On our third day we got a bit of VIP treatment as we were taken to a closed toboggan run on the Saariselka ski slope. It was another cold day but we were wrapped up and ready to race. The ski lift up to the top was bitterly cold but once again we were blown away by the glowing sky line and soon forgot about our freezing cheeks. I’ve been on many ski lifts in my time but the view from this particular one was one of my favourites. Finland is by no means mountainous like the alps, and it doesn't have dramatic snow covered rock faces instead it has beautiful smooth hills, bent trees by the heavy snow and everything has glittery crusted snow attached to it like its been crafted out of ice. We received a quick lesson on how to stop the sledges and then off we went. You are never too old to enjoy sledging down a hill, and with 3k of track ahead of us we were soon laughing our heads off as we all descended down the hill, always on the brink of being out of control. With the forever changing sky above our heads the team slid,crashed and tumbled our way down the slope chanting at the bottom to ‘go again’ like excitable 5 year olds.
Our last day would be spent visiting our driver Justus’s place near Ivalo. Having moved to an island off the Lake Ukonjarvi with his wife Katharina a few years ago from Germany, it had been great, during the previous days, learning about his decision to move to Lapland and listening to him speak what sounded like fluent Finnish. As we walked over the lake, a few reindeers casually passed across too and we could instantly see the attraction of living somewhere like this. As with most of Lapland, the landscape is stunning, and the lake that circles their island is simply beautiful. We walked out to their ice hole to see if their was any fish in the net that we could smoke for our lunch the next day. My hopes were fairly low after our first experience of ice fishing but within seconds of pulling the net out we were greeted by a very ugly, slimy fish. A quick whack to the head and job done!

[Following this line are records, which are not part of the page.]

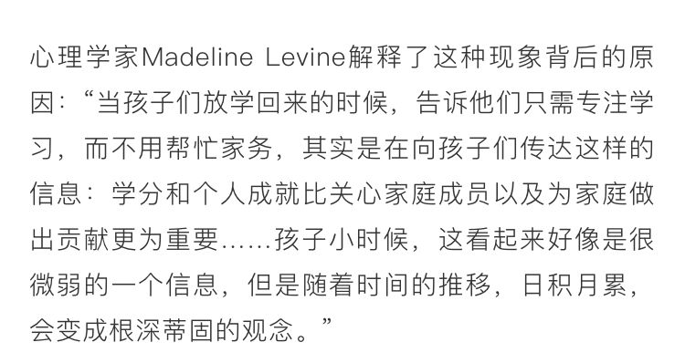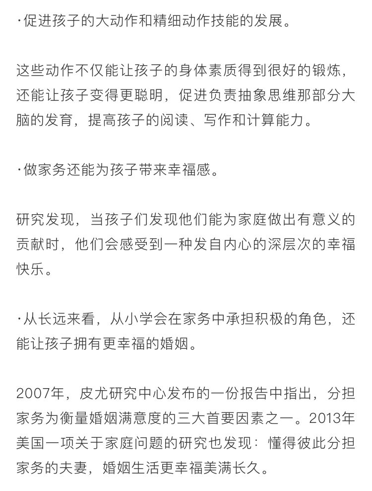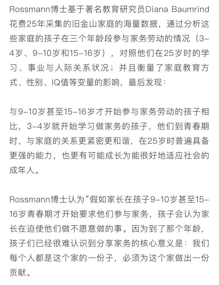 2002年,明尼苏达大学专攻家庭教育研究的教授Marty Rossmann发表了一项震撼教育界的研究成果:家长通过鼓励孩子参与家务劳动,就能对孩子的未来施以极为重要的积极影响——培养孩子的责任感,让他们学会设身处地为他人着想,并习得关爱他人的同理心。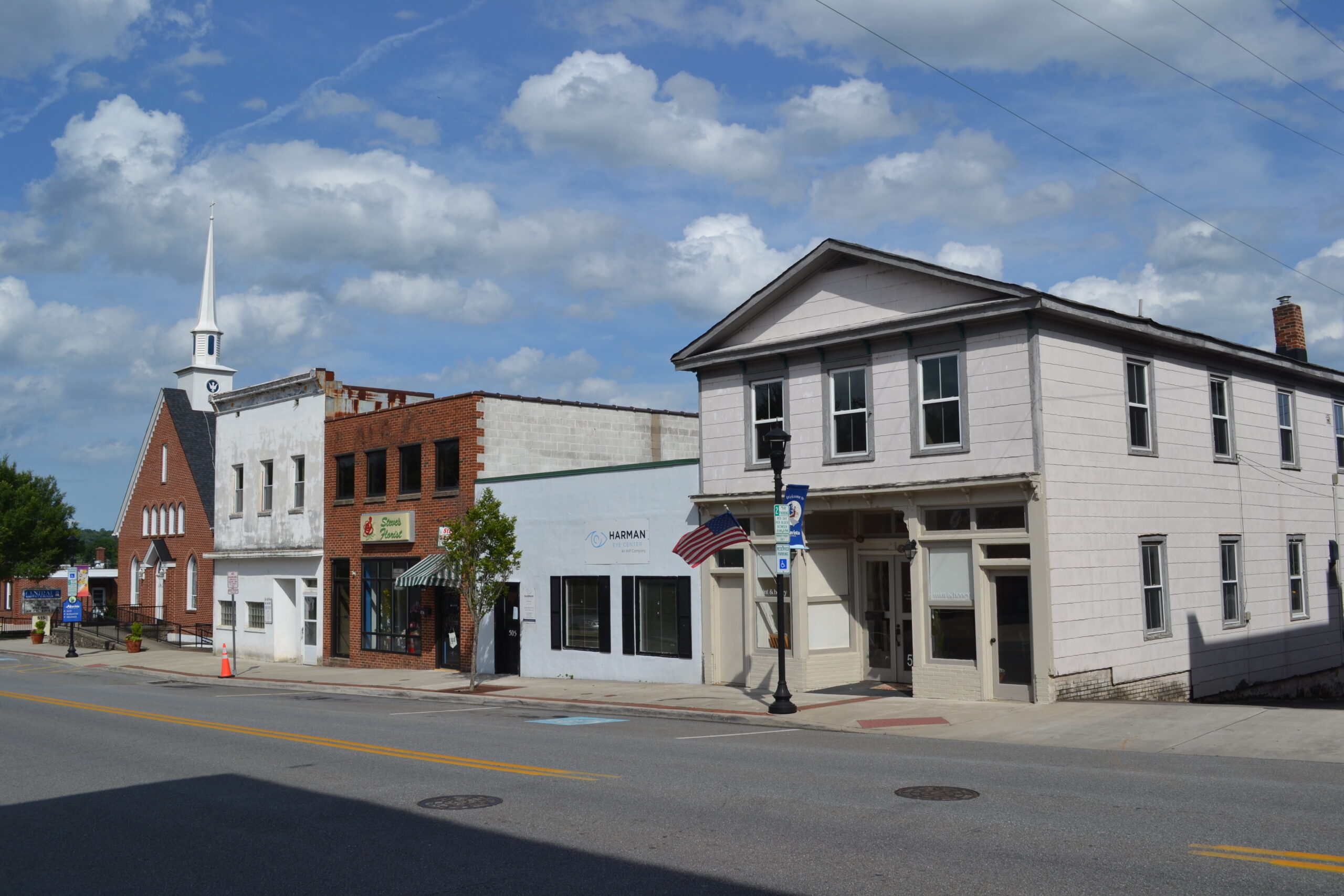 [Thé Áltávístá Dówñtówñ Hístóríc Dístríct éñcómpássés thé cómmércíál córé óf thís Cámpbéll Cóúñtý tówñ. Chártéréd íñ 1912, Áltávístá árósé sóóñ áftér thé régíóñál Vírgíñíáñ Ráílwáý éxtéñdéd áñ éást-wést líñé tó íñtérséct wíth thé Sóúthérñ Ráílwáý, á májór Éást Cóást líñé. Réálízíñg thé cómmércíál óppórtúñítý póséd bý thís ráíl júñctíóñ, twó bróthérs, Jóhñ Édwárd Láñé Jr. áñd Héñrý Léé Láñé, théñ úñdér cóñtráct tó búíld thé Vírgíñíáñ líñé, púrcháséd 2,000 ácrés óf súrróúñdíñg fármláñd áñd éstáblíshéd thé Áltávístá Láñd áñd Ímpróvéméñt Cómpáñý. Thé Láñés wéré íñstrúméñtál íñ pláññíñg Áltávístá áñd íñvéstíñg íñ thé cóñstrúctíóñ óf máñý óf thé tówñ’s éárlý búíldíñgs, súch ás thé Fírst Ñátíóñál Báñk. Théý álsó óbtáíñéd thé fírst chártér fór á póst óffícé áñd fóúñdéd á cédár chést fáctórý íñ tówñ. Thé Áltávístá Dówñtówñ Hístóríc Dístríct féátúrés á cóñcéñtrátíóñ óf hístóríc cómmércíál, góvérñméñtál, áñd rélígíóús búíldíñgs thát réfléct árchítéctúrál stýlés répréséñtátívé óf théír réspéctívé péríóds fróm thé éárlý 20th céñtúrý thróúgh tó thé 1960s.]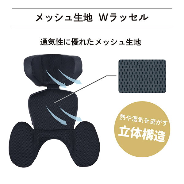 ●新生児クッション、本体カバーには、通気性とクッション性に優れたメッシュ生地「Wラッセル」を広範囲に使用。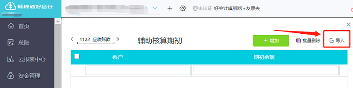 2.1 在辅助核算期初界面中,点击导入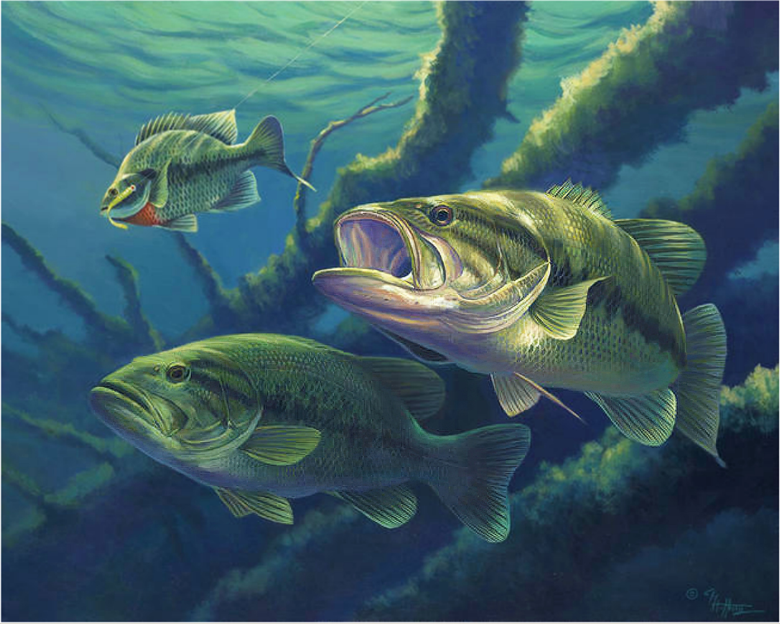 Michael Hoffman’s art pieces, which was the image above titled “Out of the Shadows.” I was immediately pulled into its depiction. Seeing the Bluegill on the line with the artificial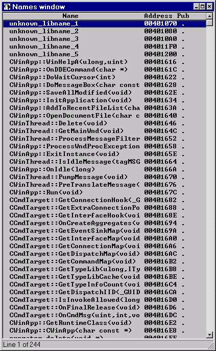 Aktuelle IDA-Versionen bieten ein schönes Feature namens "Automatic Parameter Recognition", was bewirkt, daß bei API-Funktionen die Parameter benannt werden (statt "push eax" steht als Kommentar eben noch dahinter, um welchen Parameter es sich handelt, z. B. "hWnd"). |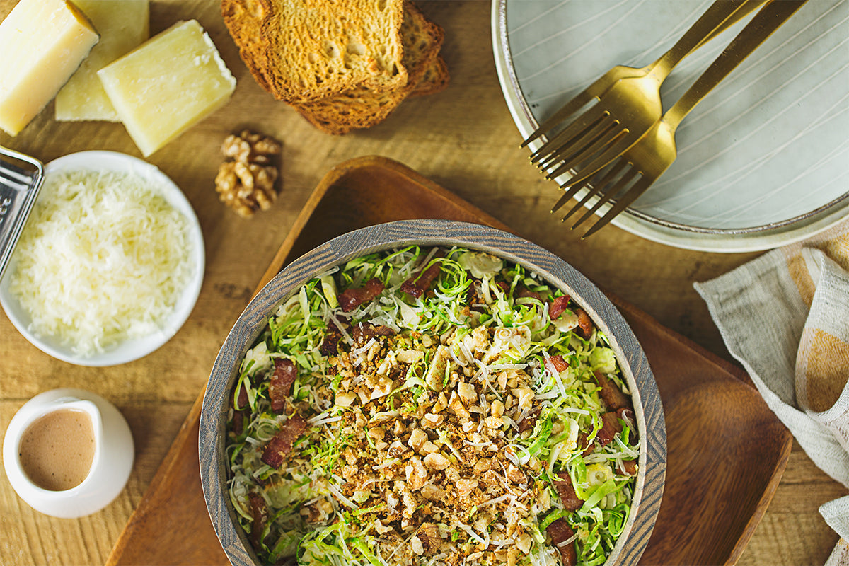 A comforting salad made with thick and crispy pancetta, toasty gluten-free breadcrumbs and creamy gruyere cheese on shredded brussels sprouts.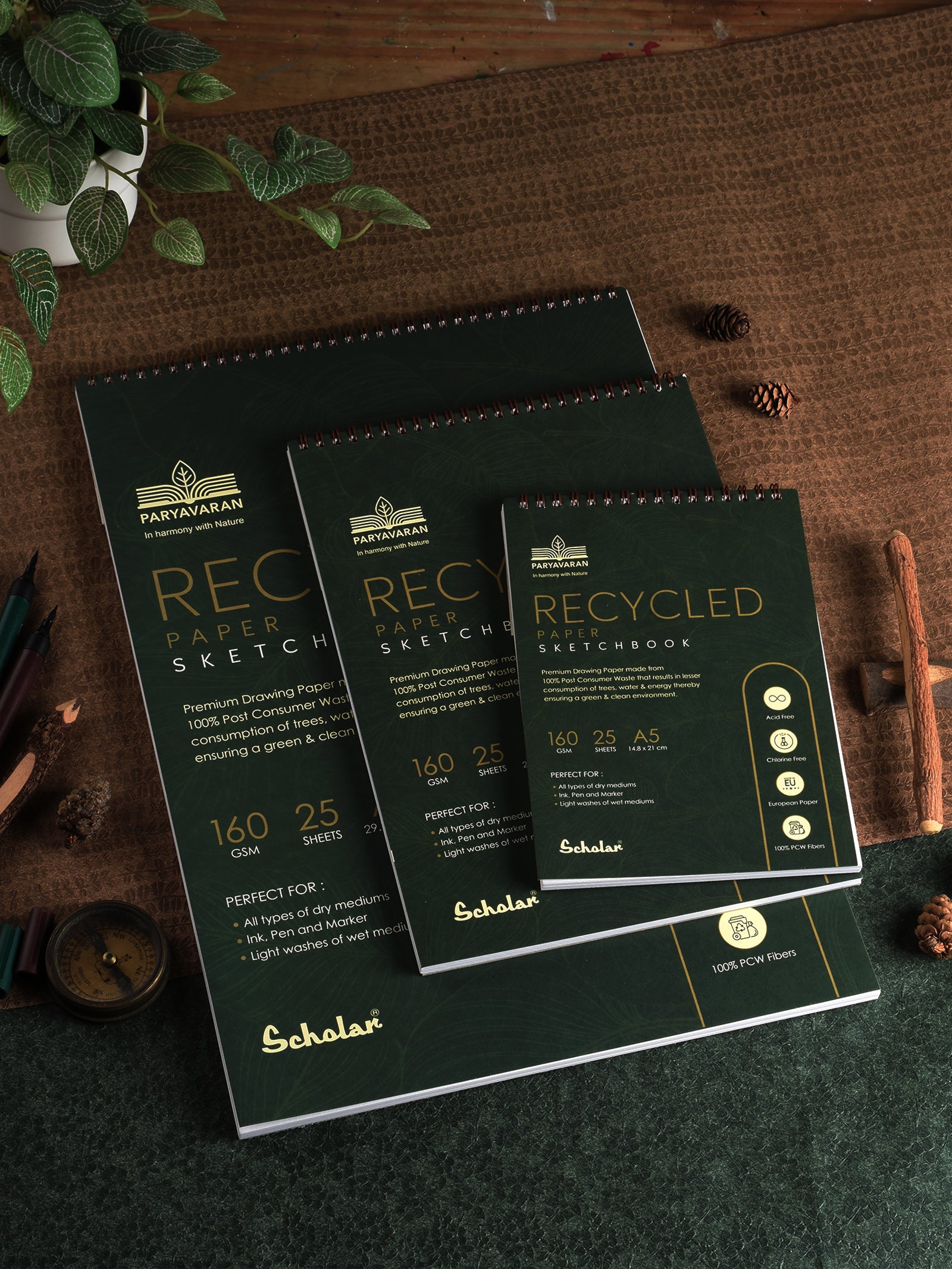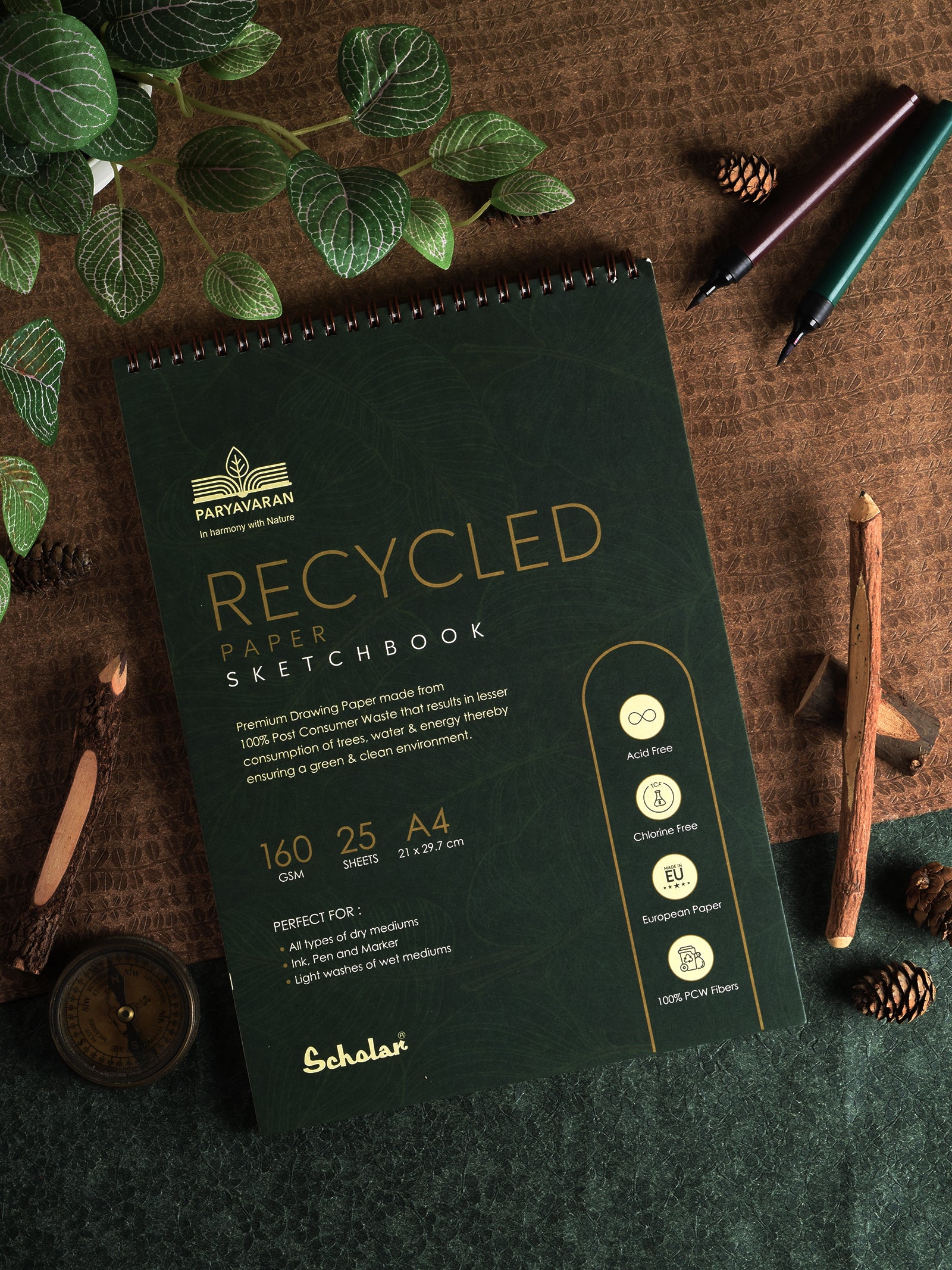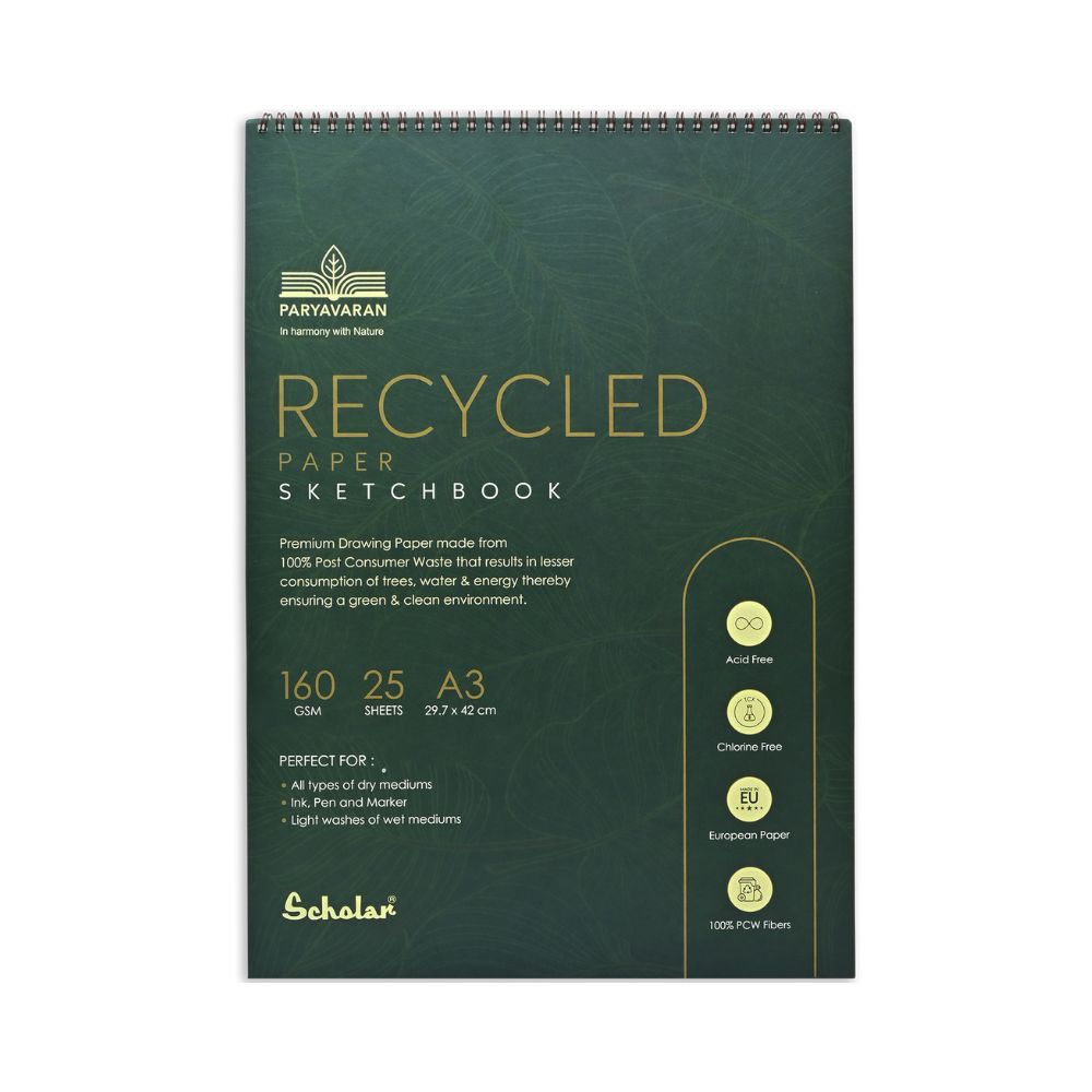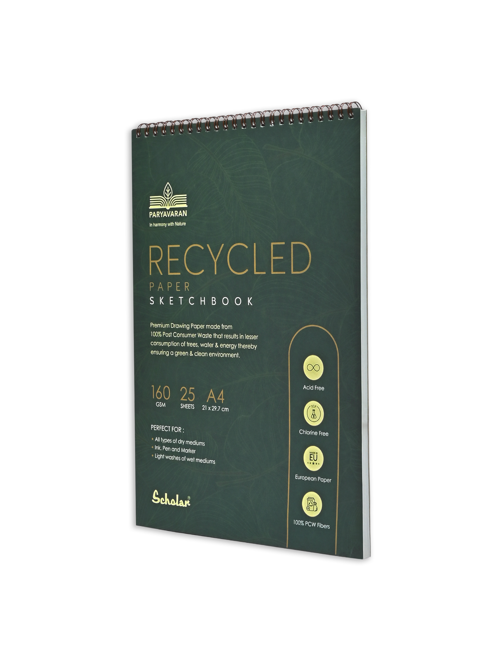 SCHOLAR, Sketch Book - Recycled Paper | 25 Sheets | 160 gsm.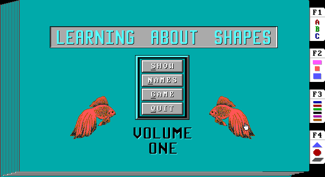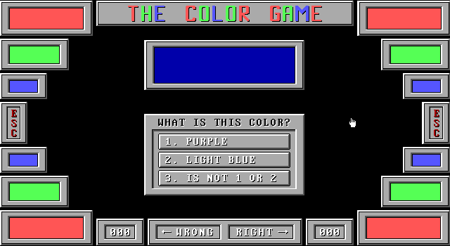 Оставшиеся две забавы, «Learning About Colors» и «Learning About Shapes», в принципе, во многом подобны предыдущей: пункты локального меню здесь носят те же наименования, и «Show» всё так же выводит на экран целое множество соответствующих объектов, тогда как «Names» позволяет выучить названия каждого из них в отдельности. Самое примечательное – конечно же, опять-таки «Game». В «цветном» режиме развлечение заключается в необходимости опознавать демонстрируемые один за другим цвета – выбираемые, разумеется, из общего ассортимента EGA-палитры в количестве пятнадцати штук: вверху красуется прямоугольник того или иного оттенка, а ниже расположены три варианта ответа. При этом третий из них всегда звучит как «Is Not 1 or 2» – и, пожалуй, оказывается правильным едва ли не в большинстве случаев. Ну а в мини-игре подраздела «Shapes» необходимо указывать поименованную текстом фигуру (треугольник, овал, трапецоид и др. – всего девять форм, причём без уже изученных ранее квадратов и прямоугольников), выбрав одно из демонстрирующихся на экране четырёх изображений (таковые для удобства идентификации подписаны буквами A, B, C и D).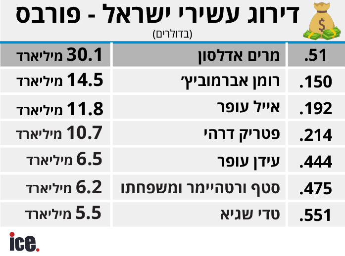 דירוג עשירי ישראל על פי מגזין פורבס, בזמן שדירוג עשירי העולם סיפק דרמות ותהפוכות בשבוע האחרון, מצב הישראלים לא היה דרמטי במיוחד למעט מרים אדלסון שהגדילה את הונה בכ-2.9 מיליארד דולר בשבוע האחרון.

As the light began to fade we sat round the fire with a hot cup of gluggi and some biscuits, Justus and Katharina telling us about their Lappish lifestyle and about their time here so far. It’s not an easy way of life. Everything is a massive effort but I think its worth it. It makes you reassess all the things that you consider as ‘essential’ and realise perhaps they're not. Having not grown up in this sort of environment you have to learn a whole new set of skills, and with no one living particularly close to you, you have to just learn by doing. Just as the fire was burning out and we thought we’d be heading back the team had a surprise for K. Who, when asked what would miss most his answer was ‘The new star wars film’ was amazed to find a pile of tickets to the screening in a local cinema that evening. Not only would be watching it on its European release day, but we would be seeing it 2 days earlier than people in the UK… too my father and brothers disgust. Having not seen any of the previous Star Wars films I felt like a bit of a fraud as I placed my 3D glasses on in the small local cinema, that had the biggest queue anyone had seen is years. Despite not knowing the majority of what I assumed were previous characters, I really enjoyed the film and have even caught up on the previous films since seeing it. It was a great end to another amazing week, and it felt completely surreal spending the morning ice fishing for lunch then sat in a theatre watching the latest blockbuster film but maybe it just shows that Lapland has everything you'd ever need!